Aggregates for Those Familiar with ActiveRecord

originally published May 11th, 2023

Why all the jargon in software design?
Confusion about the meaning of aggregate.
What do I mean by “model"?
So what is an aggregate?
Summary

I’ve recently noticed some hype around event sourcing in framework communities and some difficulty with the DDD concept of an aggregate. So I write this article about aggregates in the hope to provide some support to DDD newcomers.

Event Sourced systems almost always have aggregates, but they’re not specific to event sourcing. For this article, we will not be discussing event sourcing.

Why all the jargon in software design?

Jargon is good, actually. It provides specific terms that can be used to talk about specific things. It can be more concise than less-specific descriptions.

However, I’m going to try to reduce the jargon in this article because it also has downsides. If you understand the terms already, then you understand the concepts. If you don’t understand the concepts then the terms just become a barrier to building familiarity.

Confusion about the meaning of aggregate.

This is a consistent question and if the concept was more compatible with the typical ActiveRecord programming paradigm it’d be less misunderstood.

I believe that the only reason that there’s difficulty with understanding aggregates is that ActiveRecord software design avoids acknowledging the concept entirely.

If you’re used to writing objects that manage consistency (ensuring that they don’t enter into an invalid state) then you may already understand aggregates.

What do I mean by “model"?

I’m going to use the term “model" but unless I say “ActiveRecord model" I’ll NEVER mean an ActiveRecord model. A model is just something that represents something more complex. ActiveRecord models are database records with helper methods. When I use the term model, I’ll simply mean any object or objects that represent something.

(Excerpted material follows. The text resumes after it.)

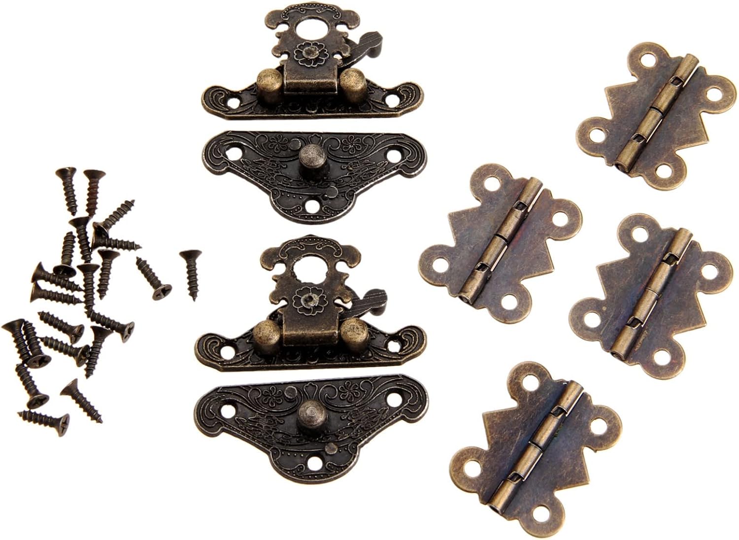 Features: .Retro design. and easy to install. for vintage wooden box, jewelry box, gift box, wine box, toolbox, cabinet, cupboard, etc.An hardware for home, office, shop, and so on.Material:IronSize:Hasp:38*29mm/1.5"*1.14"Hinge:25*20mm/0.98"*0.79"The angle of rotation approx.0°-270°Color:Antique bronzePackage list:2 x Box Latch Hasps4 x Hinges28 x ScrewsNote: Please allow 1-3mm error due to manual measurement.

Some example models are Payment, PointInTime, or Temperature. Sometimes a model is an entity that has an id like a Payment. Sometimes it represents a value like a Temperature.

Often, a model like Payment will be composed of multiple other models like Amount, PaymentMethod, or PaidAtTime.

So what is an aggregate?

From an object-oriented PHP perspective, an aggregate is an entity composed of multiple objects that work together to prevent invalid state.

From a more abstract perspective, an aggregate is an immediately consistent transactional boundary. If that doesn’t mean anything to you, just ignore it for now.

Let’s first examine how an ActiveRecord model works, then contrast it with another approach.

I’m pulling this example from a previous article about ActiveRecord.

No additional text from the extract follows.